Stage I rectal cancer: identification of high-risk patients

J Am Coll Surg. 1998 May;186(5):574-9; discussion 579-80. doi: 10.1016/s1072-7515(98)00018-0.

Abstract

Background: Stage I rectal cancer (T1, T2 N0) is currently treated by surgical resection alone. Despite adequate surgical resection, approximately 10-15% of patients will develop recurrence. Identification of patients at high risk for recurrence could potentially lead to an improvement in outcome by selection of these patients for adjuvant therapy.

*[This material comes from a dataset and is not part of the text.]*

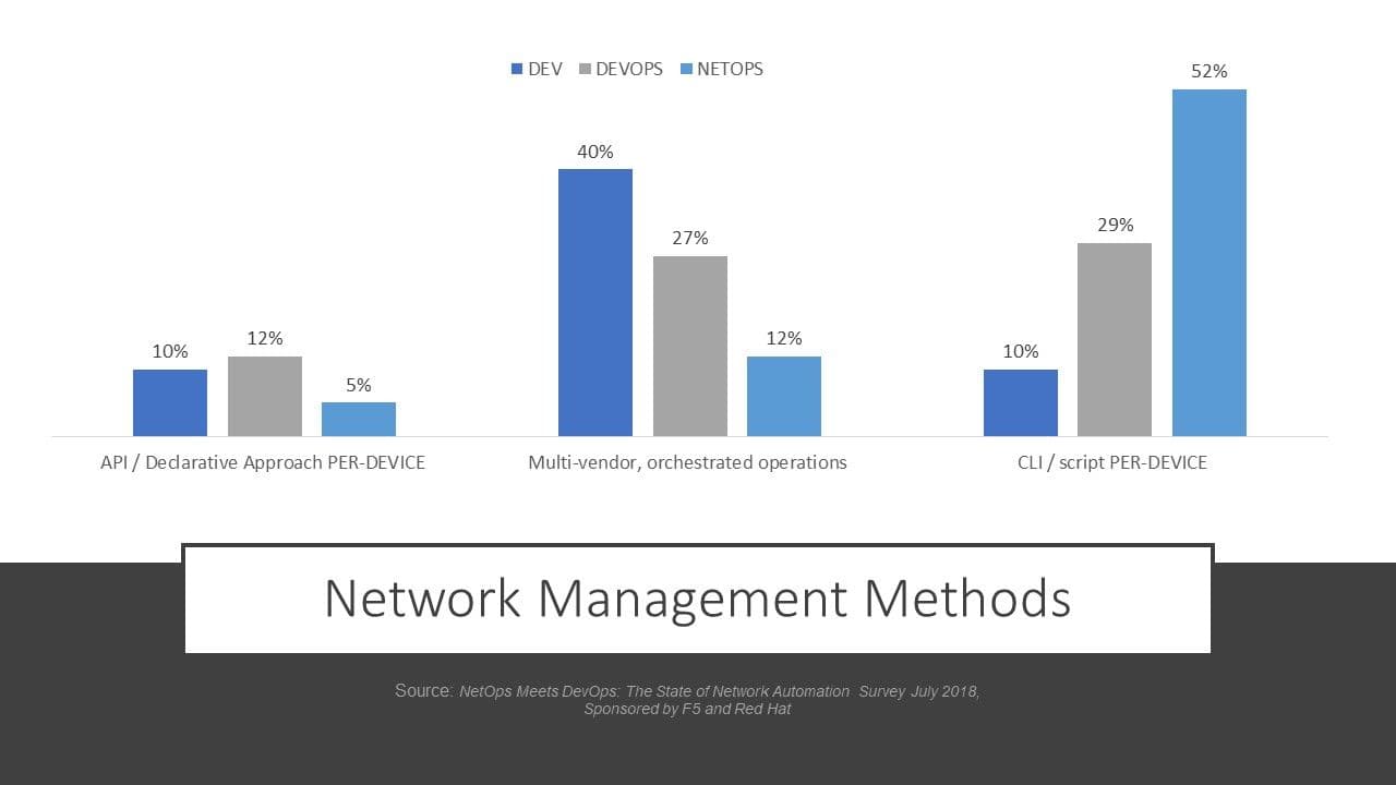 To optimize means finding and eliminating bottlenecks. In the world of IT that’s almost always the hand offs between steps in an operational process. The actual work – the scripts – is the value. The time between those scripts executing is almost always the source of delay and frustration for those waiting on the output. The majority (52%) of NetOps still manage infrastructure in this way.

Methods: Between June 1986 and September 1996, 211 patients with primary rectal cancer (stage I) were treated by radical surgical resection alone. The medical data of all patients were entered into a database and prospectively followed. The following 10 prognostic factors were correlated with recurrence and tumor-related mortality: patient factors: age, gender, and preoperative carcinoembryonic antigen level; tumor factors: location from the anal verge (< 6 cm vs. > or = 6 cm), T stage (T1 vs. T2), intratumoral blood vessel invasion (BVI), intratumoral lymphatic vessel invasion, presence of tumor ulceration, and histologic differentiation; and treatment-related factors: extent of surgical resection--abdominal perineal resection versus low anterior resection. Univariate analysis of the effect of the prognostic factors on recurrence and tumor-related mortality were performed by the method of Kaplan-Meier and log rank test. Independent prognostic factors were determined by a multivariate analysis performed using the Cox proportional hazards model.

Results: The overall 5-year actuarial recurrence was 12% and tumor-related mortality was 10%. Independent predictors of recurrence were male gender and BVI. Independent predictors of tumor-related mortality were male gender, BVI, and poorly differentiated tumors.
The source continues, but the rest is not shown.